Current Headlines: By Richard Mullins, Tampa Tribune, Fla.

Jun. 29--Caledonia Guzzi expects to suffer a good long while for an Apple iPhone.

She parked herself on the hot sidewalk outside an AT&T store in South Tampa at 9 a.m. Thursday to make sure she got one of the first Apple iPhones that go on sale 6 p.m. today.

Too bad the phone isn't for her.

"My sister's boyfriend got me to do this for him, how sad is that?" Guzzi said. "But that's OK. I do this a lot -- wait out in lines: the Playstation 3, XBox 360, Playstation 2. I've sat out for all of them."

Such is the marketing horsepower of Apple that a growing crowd of people across the country are willing to sleep on sidewalks for a new kind of cell phone.

Yes, there is a lot of iPhone hype -- with some analysts saying it's the greatest product launch they've ever seen. And for that, business schools for years will teach the iPhone as a "Hype 101" case study in how to conjure a frenzy among consumers, Wall Street analysts, and yes, newspapers too.

And the most important lesson from Apple CEO Steve Jobs may be this: Like high school prom night, anticipation can be just as exciting as the actual event, if not more.

"Apple has managed to create this certain mystery about the brand, and no one can underestimate the fact that Steve Jobs has launched some truly revolutionary products," said Michael Cai, an analyst with the research firm Parks Associates.

Helped by some early positive reviews, Cai expects Apple to sell out of between 1 million and 2 million iPhones almost immediately, largely due to the rabid expectations built up by Apple's extraordinary publicity.

So how did Apple create this iPhone frenzy?

First, Apple has a habit of doing something few companies can master. 1) Take a difficult and geeky process (such as downloading music) and make it very simple, 2) Market it brilliantly to the mainstream customer, 3) Take the credit, and the profits.

Apple did this with the Macintosh computer in the 1980s, which all but created the market for "personal" computers when PCs were something companies used.
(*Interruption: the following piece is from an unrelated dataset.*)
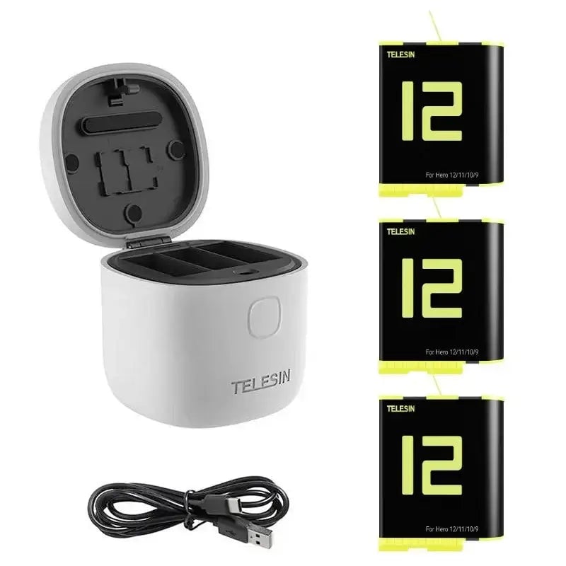 Telesin Batteriladdare allInBox med förvaring för batterier + microSD Läsare - Trippel - för GoPro Hero12/11/10/9 Black
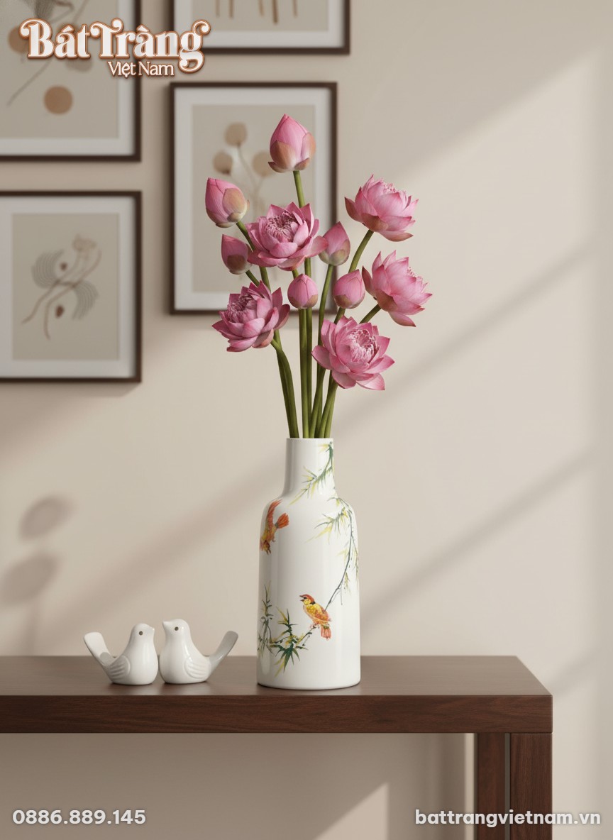 Lọ hoa gốm sứ men trắng vẽ trúc và chim BT-LH24 là một điểm nhấn tinh tế cho bất kỳ không gian nào, mang trong mình vẻ đẹp truyền thống và hơi thở của thiên nhiên.

Then Apple created the iPod, and sold more than 100 million, making the iPod the gold standard for music fans worldwide. Any company that can do that bears taking seriously.

Combine people's love for music with their addiction to talking on cell phones, add the Internet, and those are three powerful consumer passions. Then set in motion some careful marketing stagecraft.

It began in January at the Macworld trade show, when Jobs coyly slipped an iPhone from his jeans like a high-schooler showing off a good fake ID. The gadget seemed almost magical -- it could surf the Web with a real browser, not the clunky, ad hoc versions on other smart phones -- play music, videos and make calls. And it used no buttons -- just a touch screen that looked truly out of the future.

Then Jobs tucked the phone back in his pocket away from view, and flashed a grin.

Apple released no prices, no details at all. Just maddening silence. That left everyone to fill in the blanks with wild dreams of wonder. Technology blogs all but hyperventilated with speculation, and chased every iPhone rumor.

Whenever the buzz cooled, Apple threw some gasoline on the fire. When blogs speculated the iPhone battery life wouldn't last an hour, Apple waited for months before releasing news that, no, the battery would last hours and hours. Apple's stock jumped.

When buzz cooled again this summer, Apple released news that the government gave the device a prosaic regulatory approval. Again, Apple stock leapt skyward. Then Apple said the iPhone could run YouTube, then it said the screen would be scratch resistant.

The tactic worked. Over the past six months, stock in Apple has jumped from $80 per share to $120.

Does the actual iPhone stand up to the hype? Possibly so. It has already won the praise of two highly influential gadget reviewers.

After a brief trial run, David Pogue of The New York Times called the iPhone "the most sophisticated, outlook-changing piece of electronics to come along in years. It does so many things so well, and so pleasurably, that you tend to forgive its foibles."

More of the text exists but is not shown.